What is expected →
Copy the material below verbatim from the line with "This page presents" to the line with "Broadstone - 2", both lines included, omitting pictures and every line outside that range.

Data listing →
────
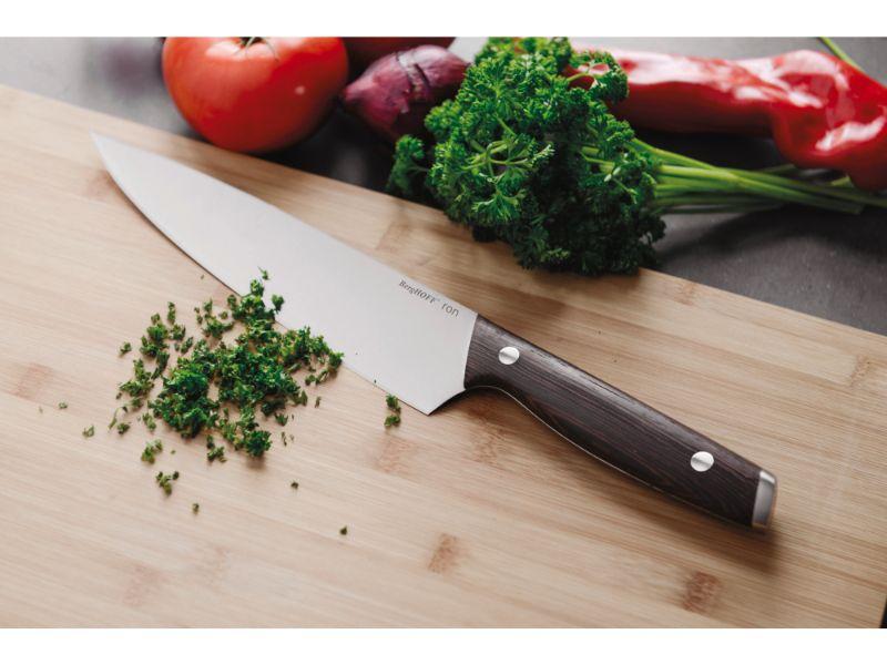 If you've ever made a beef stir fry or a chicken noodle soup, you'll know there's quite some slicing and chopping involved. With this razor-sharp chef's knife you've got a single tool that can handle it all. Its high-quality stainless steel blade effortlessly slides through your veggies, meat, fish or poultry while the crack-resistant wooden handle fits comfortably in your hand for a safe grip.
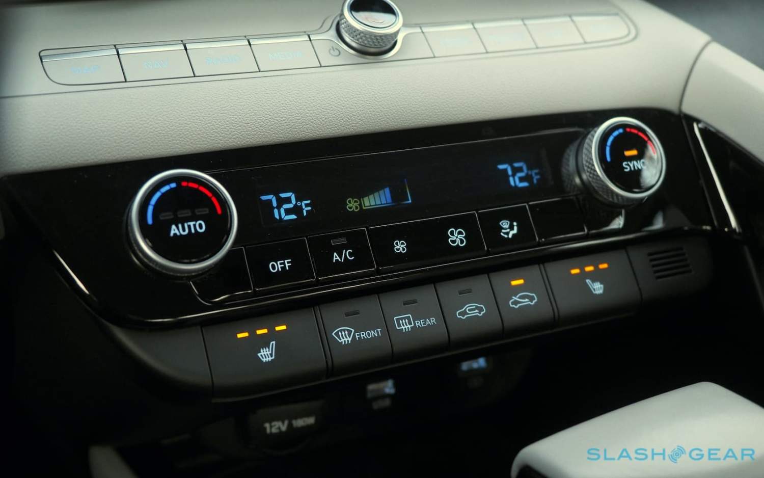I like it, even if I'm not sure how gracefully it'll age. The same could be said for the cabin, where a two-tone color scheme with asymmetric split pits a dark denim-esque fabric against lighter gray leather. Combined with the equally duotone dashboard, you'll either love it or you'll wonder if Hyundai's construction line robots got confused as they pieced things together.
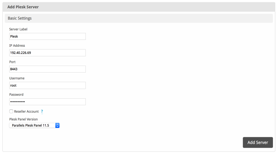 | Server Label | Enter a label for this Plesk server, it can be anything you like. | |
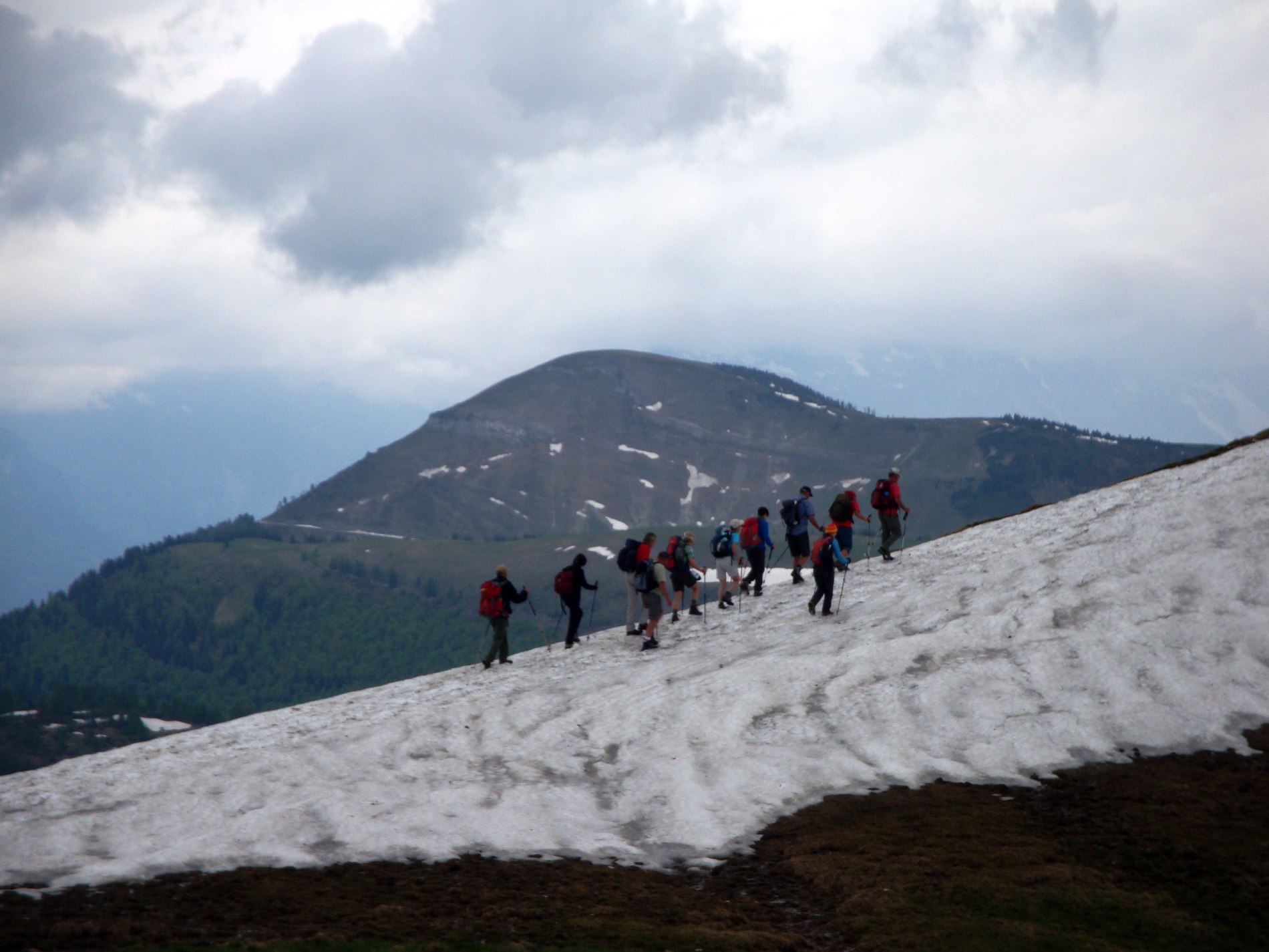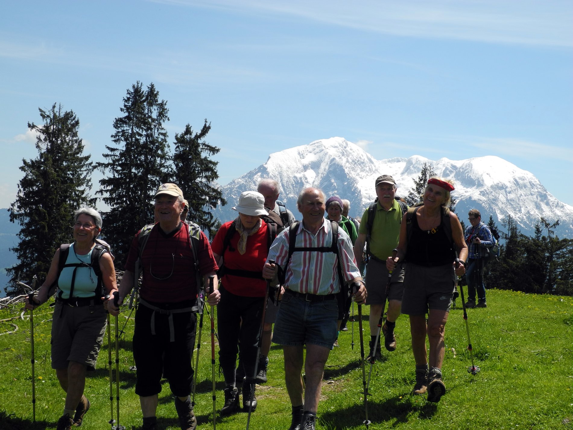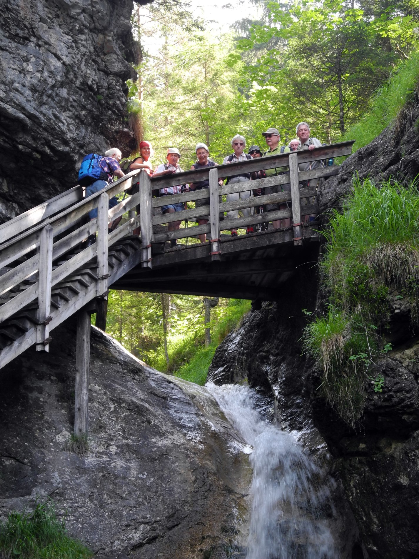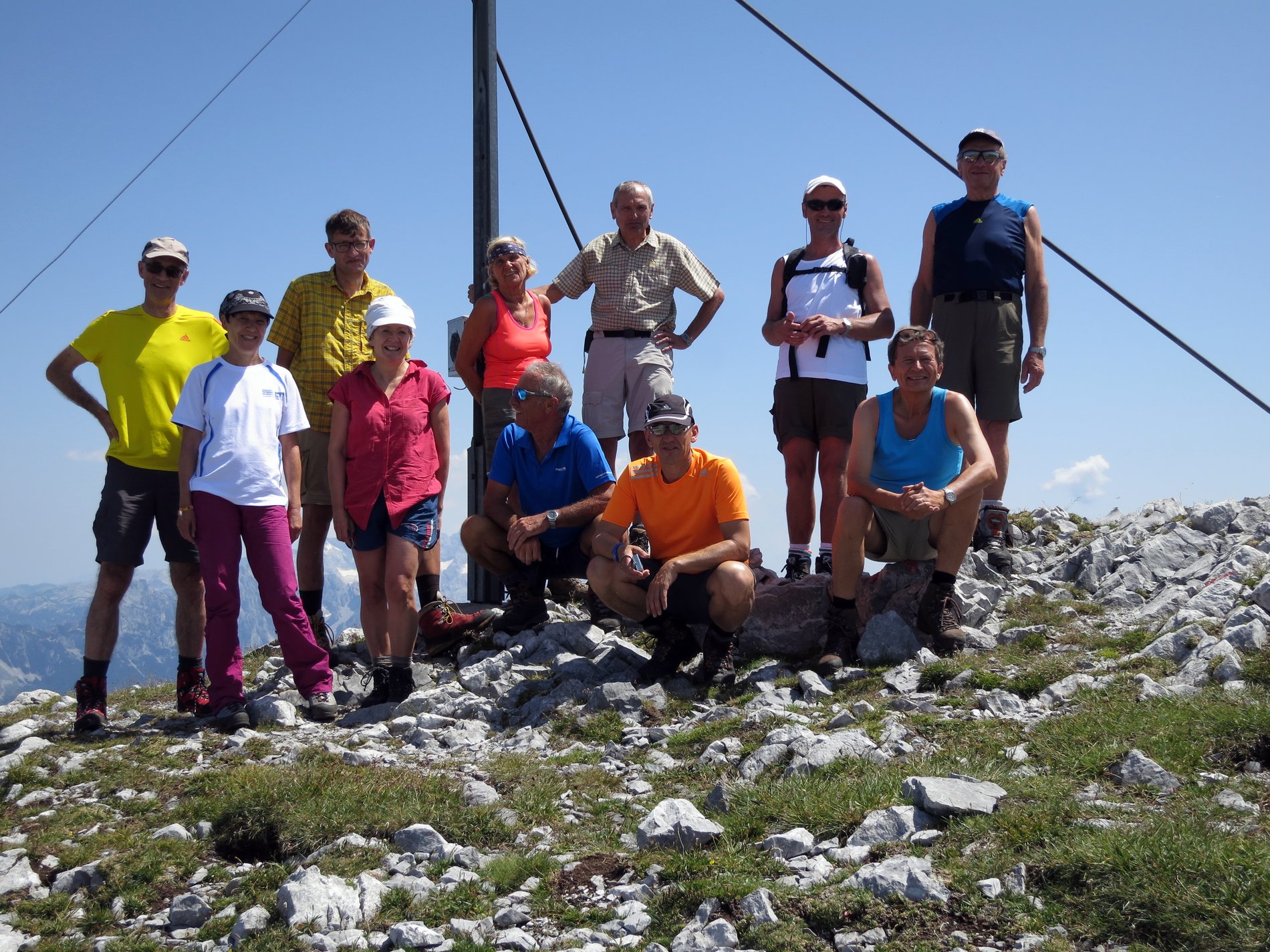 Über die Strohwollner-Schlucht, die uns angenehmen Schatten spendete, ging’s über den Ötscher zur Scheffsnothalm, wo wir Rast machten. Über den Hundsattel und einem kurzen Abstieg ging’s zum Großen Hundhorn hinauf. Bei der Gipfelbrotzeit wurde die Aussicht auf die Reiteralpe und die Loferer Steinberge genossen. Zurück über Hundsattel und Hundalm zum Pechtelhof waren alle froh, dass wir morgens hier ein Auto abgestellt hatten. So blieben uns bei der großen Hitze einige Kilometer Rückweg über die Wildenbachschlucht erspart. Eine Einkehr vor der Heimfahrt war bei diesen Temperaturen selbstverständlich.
────
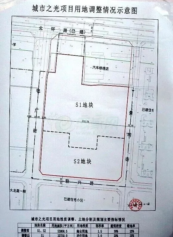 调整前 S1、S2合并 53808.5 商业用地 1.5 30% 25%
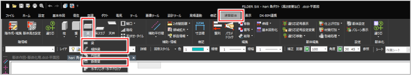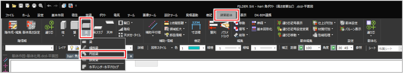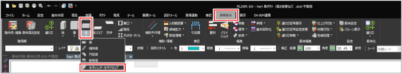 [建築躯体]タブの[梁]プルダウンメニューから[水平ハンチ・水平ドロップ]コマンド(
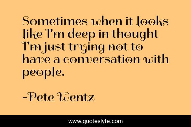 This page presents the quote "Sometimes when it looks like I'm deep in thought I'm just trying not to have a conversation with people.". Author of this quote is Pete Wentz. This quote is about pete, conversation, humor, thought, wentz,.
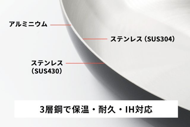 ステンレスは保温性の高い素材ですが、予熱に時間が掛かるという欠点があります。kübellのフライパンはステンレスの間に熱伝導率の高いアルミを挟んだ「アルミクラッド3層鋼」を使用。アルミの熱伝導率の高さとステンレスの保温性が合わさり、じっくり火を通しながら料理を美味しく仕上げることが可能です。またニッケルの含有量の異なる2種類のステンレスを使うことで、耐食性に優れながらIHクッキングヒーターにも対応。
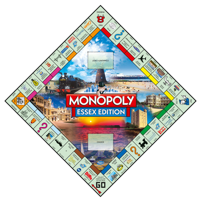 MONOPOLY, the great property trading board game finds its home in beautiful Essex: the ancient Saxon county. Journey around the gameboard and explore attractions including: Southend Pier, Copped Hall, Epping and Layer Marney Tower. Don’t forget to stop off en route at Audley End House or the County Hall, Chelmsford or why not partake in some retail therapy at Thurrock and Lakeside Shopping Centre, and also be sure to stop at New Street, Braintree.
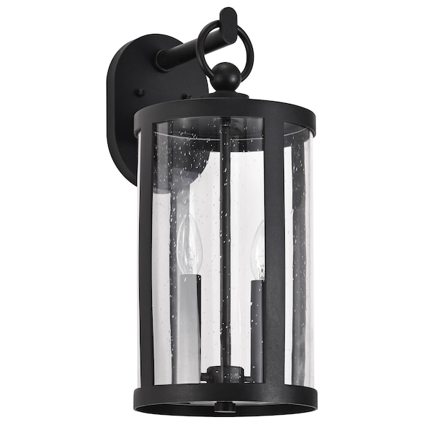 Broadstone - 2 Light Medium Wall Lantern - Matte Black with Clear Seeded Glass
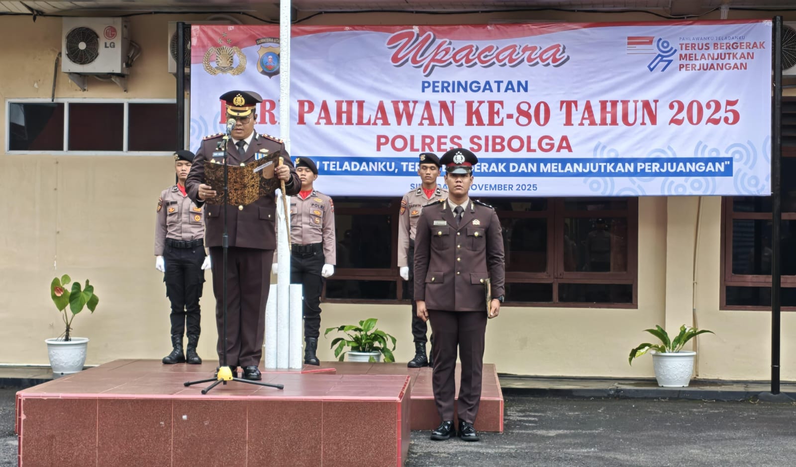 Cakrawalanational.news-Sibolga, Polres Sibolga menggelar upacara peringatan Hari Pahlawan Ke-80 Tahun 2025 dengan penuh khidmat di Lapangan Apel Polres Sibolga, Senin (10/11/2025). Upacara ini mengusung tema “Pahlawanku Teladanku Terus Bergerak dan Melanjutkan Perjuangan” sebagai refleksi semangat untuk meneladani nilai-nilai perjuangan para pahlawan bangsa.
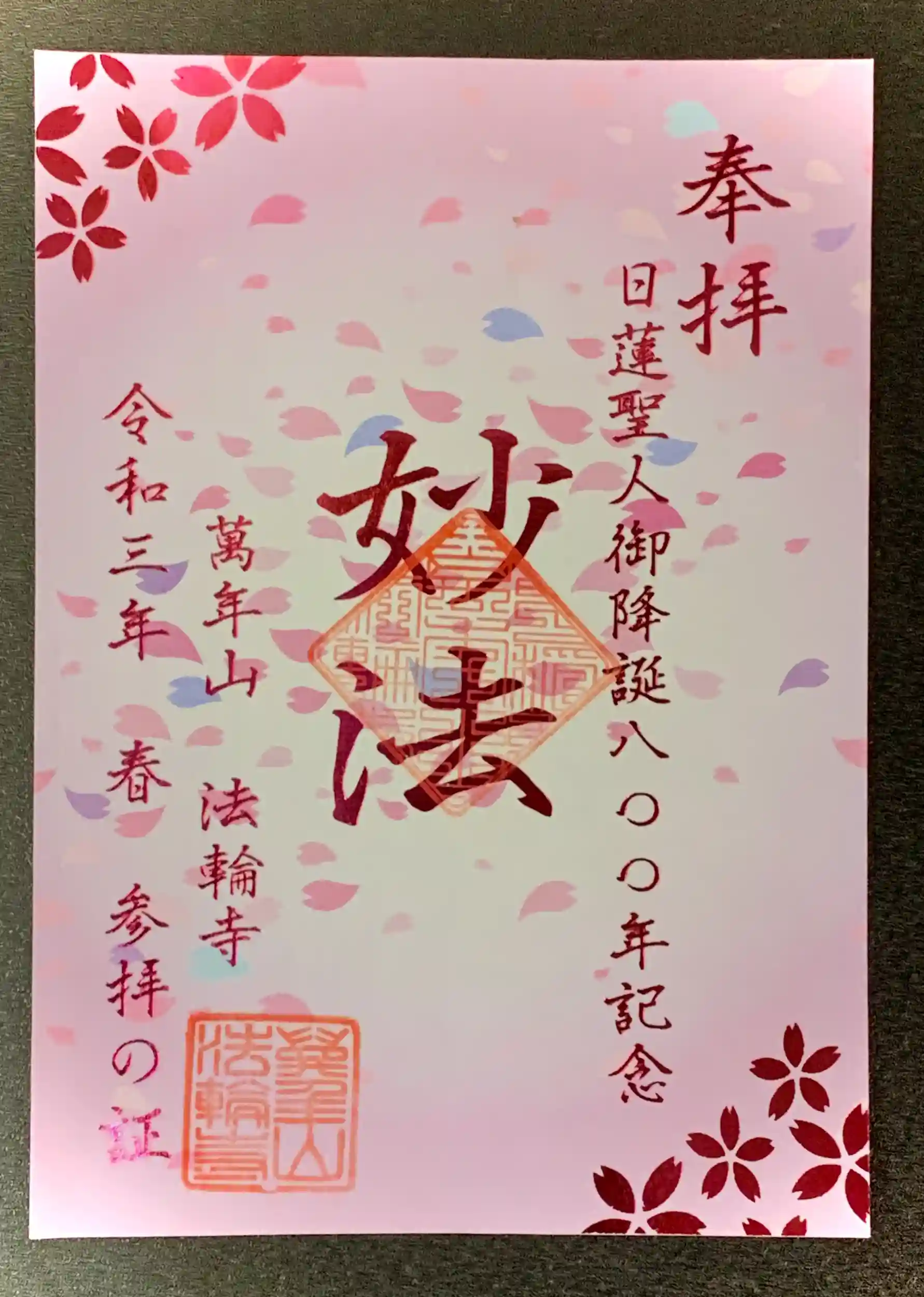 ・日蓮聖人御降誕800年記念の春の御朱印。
────
Exercise result →
 This page presents the quote "Sometimes when it looks like I'm deep in thought I'm just trying not to have a conversation with people.". Author of this quote is Pete Wentz. This quote is about pete, conversation, humor, thought, wentz,.
 ステンレスは保温性の高い素材ですが、予熱に時間が掛かるという欠点があります。kübellのフライパンはステンレスの間に熱伝導率の高いアルミを挟んだ「アルミクラッド3層鋼」を使用。アルミの熱伝導率の高さとステンレスの保温性が合わさり、じっくり火を通しながら料理を美味しく仕上げることが可能です。またニッケルの含有量の異なる2種類のステンレスを使うことで、耐食性に優れながらIHクッキングヒーターにも対応。
 MONOPOLY, the great property trading board game finds its home in beautiful Essex: the ancient Saxon county. Journey around the gameboard and explore attractions including: Southend Pier, Copped Hall, Epping and Layer Marney Tower. Don’t forget to stop off en route at Audley End House or the County Hall, Chelmsford or why not partake in some retail therapy at Thurrock and Lakeside Shopping Centre, and also be sure to stop at New Street, Braintree.
 Broadstone - 2 Light Medium Wall Lantern - Matte Black with Clear Seeded Glass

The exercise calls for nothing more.